I expect that if AIDS is still stigmatized as a “homosexual disease” – as it still is here in the US, depending on who you talk to – this will make treating the disease that much harder, too. & That’s of course in addition to the arrests & harassment LGBT people would expect under a prohibitive ban like that. Imagine, owning my books would be grounds for five years in jail.

Getting Clocked

Posted by – February 15, 2007

Three months from now, on May 15th Lambda Legal and other LGBT organizations will be “clocking in for equality” – dedicated a day to educating people and companies on workplace discrimination and diversity. They suggest people sign on to do something – wear a button, create a “safe zone” for LGBT employees, put aside a day to lobby on LGBT workplace issues – and I was thinking that this is exactly the kind of thing trans people & their allies should absolutely do, since the discrimination trans and gender variant people face is often brutal.

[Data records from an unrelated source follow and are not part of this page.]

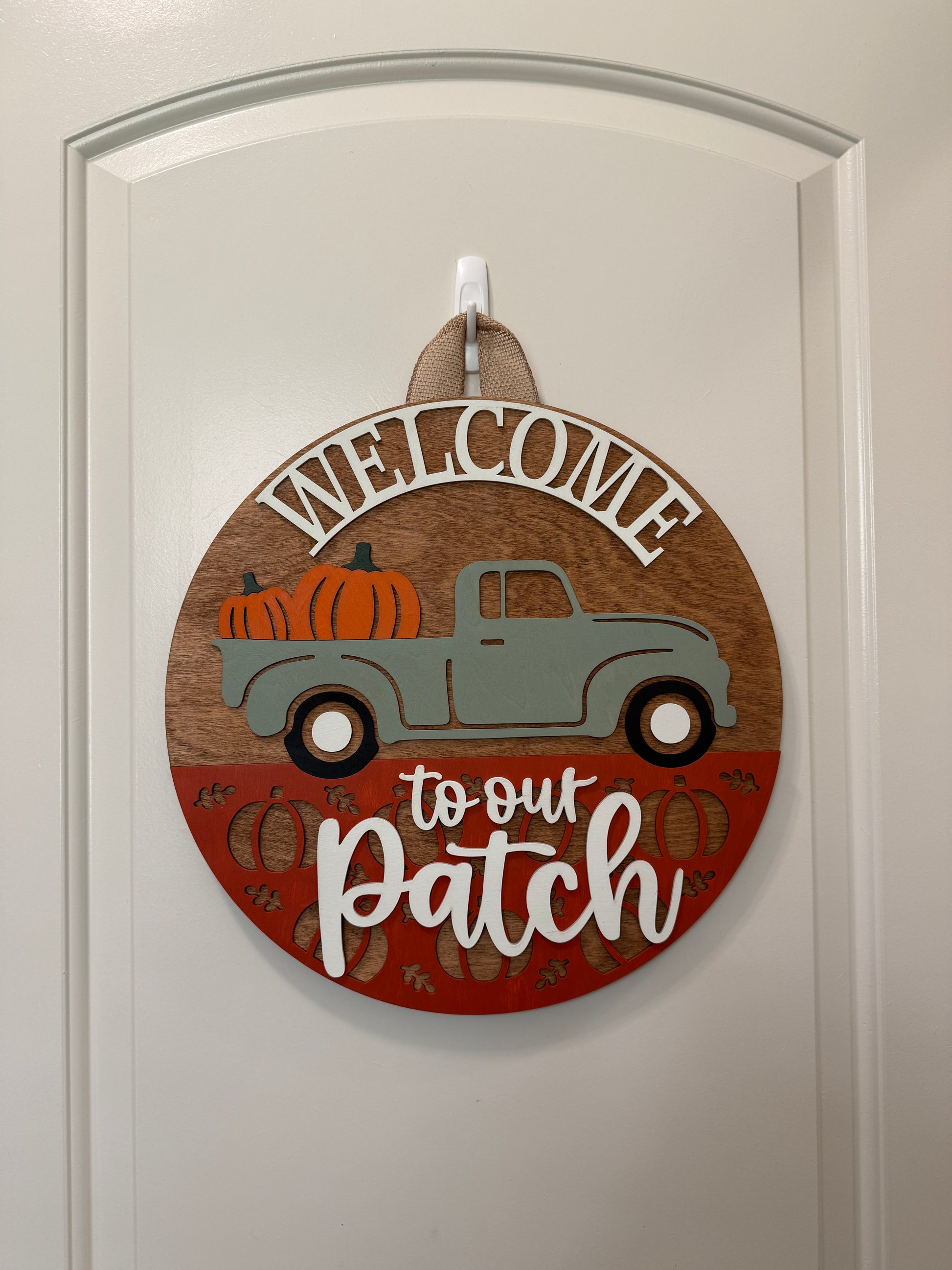 This charming round door sign is perfect for welcoming friends and family to your home during the fall season. Featuring a vintage truck overflowing with pumpkins, the sign showcases the warm and inviting message "Welcome to Our Patch" in a playful font. Need a different color truck? We can do that!
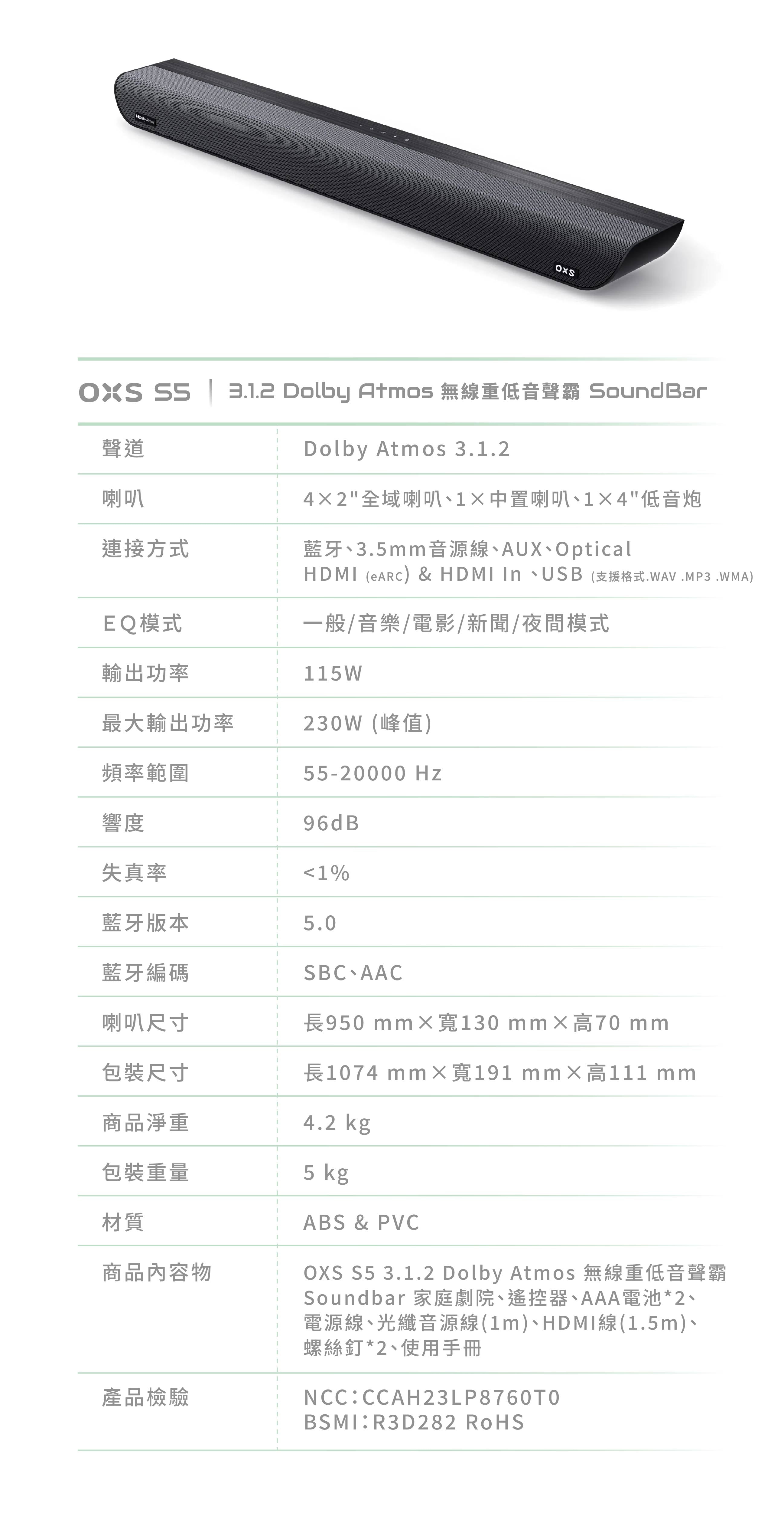 【OXS】S5 無線重低音聲霸
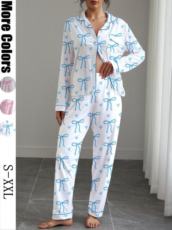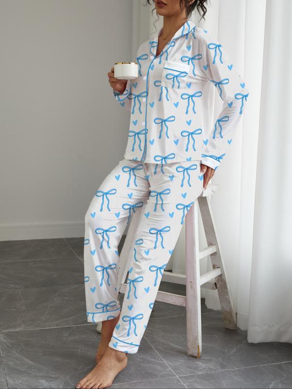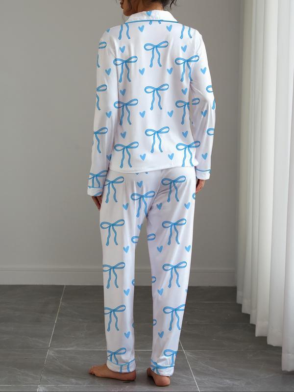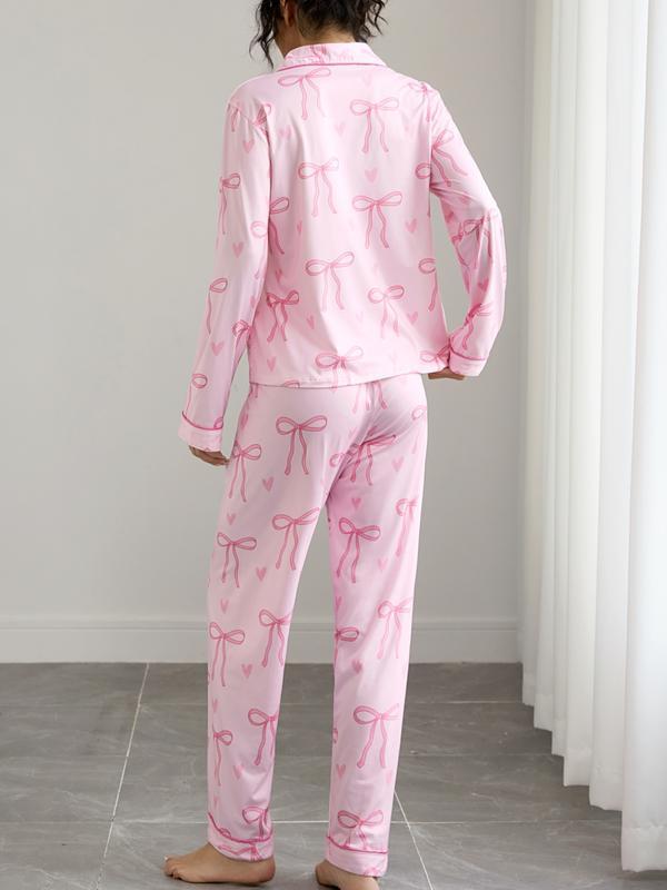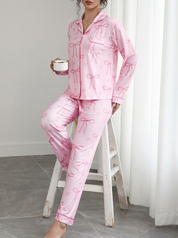 Women's Cute Bow Print Pajama Set, Fall & Winter Casual Homewear, Soft Elastic Fabric, Long Sleeve Shirt Collar Top & Pants, Womenswear
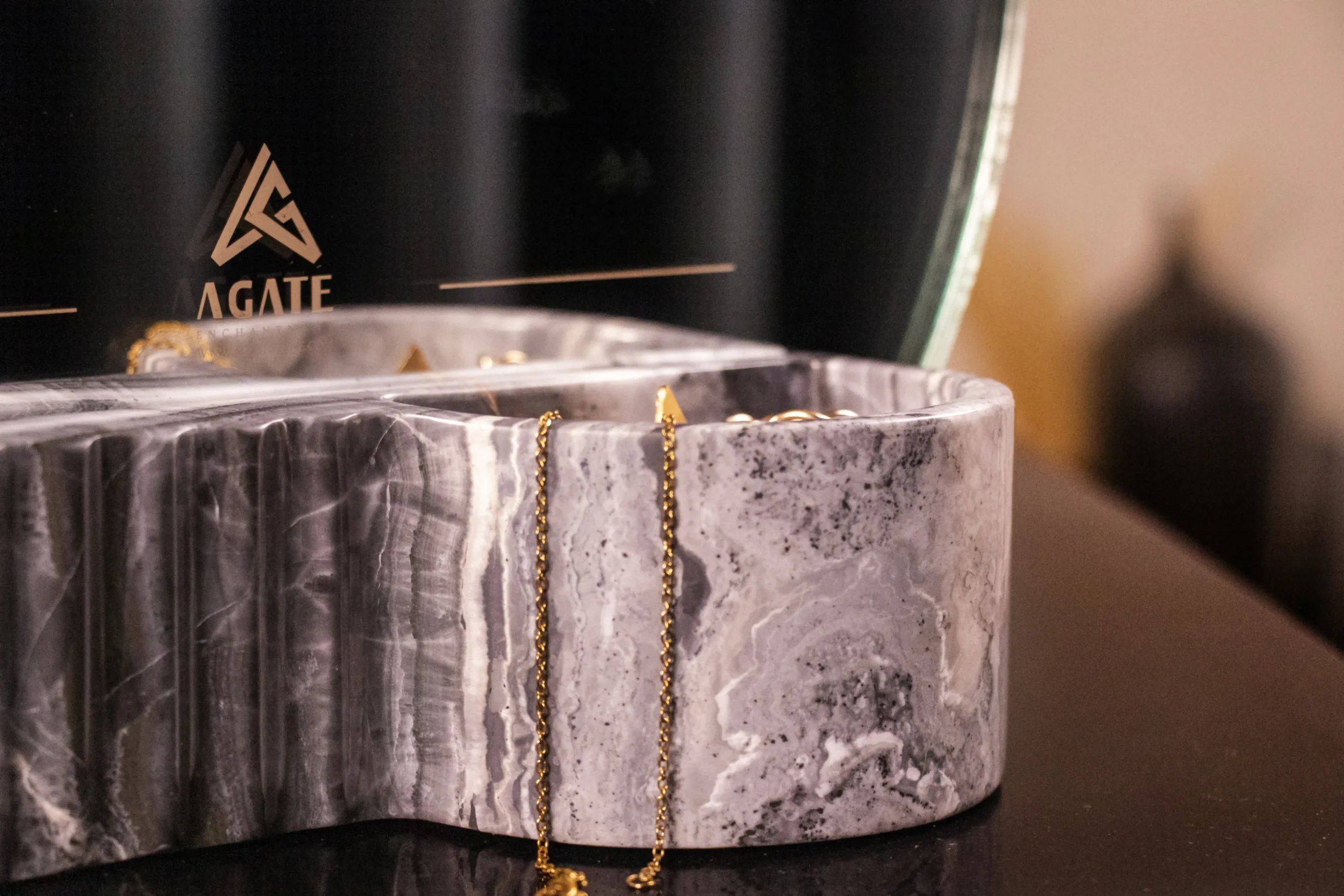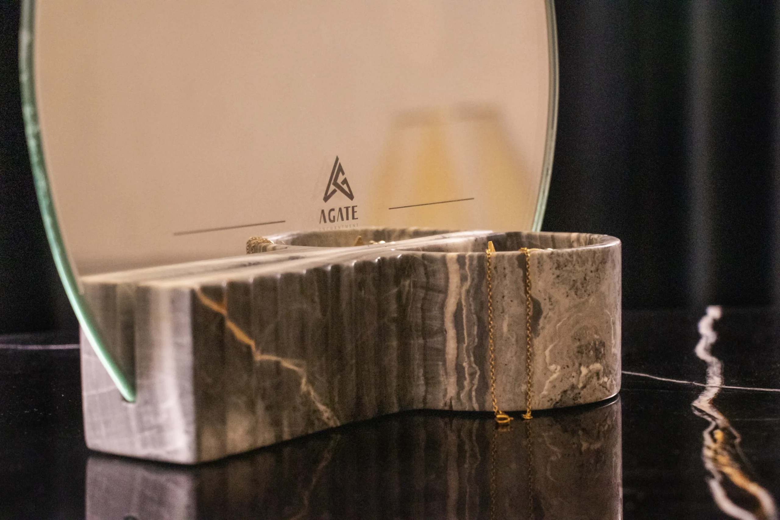 Helios Mirror & Jewelry Holder-Blue onyx

Maybe we can do something as a group? If you’re not a “joiner” I’m sure there’s still something you can do individually. Think about it: you’ve got three months.

Not Transitioning

Posted by – February 12, 2007

For me, the sign that Betty was kind of transitioning under my nose was when she didn’t want to act as a male anymore. She felt she wasn’t transitioning. I called foul.

Sometimes it’s like trans folk do everything except SAY you’re transitioning.

& Since we just heard from yet another person who formerly identified as a crossdresser who then started using transgender who now worries she’s truly transsexual, I want to see any marriage that ends because of transness end without the kind of bitterness that’s too frequently the case. I’d rather be more optimistic & say my goal is to keep the marriages from ending, but I’ve gotten to a point where containing the damage seems like more than enough to accomplish.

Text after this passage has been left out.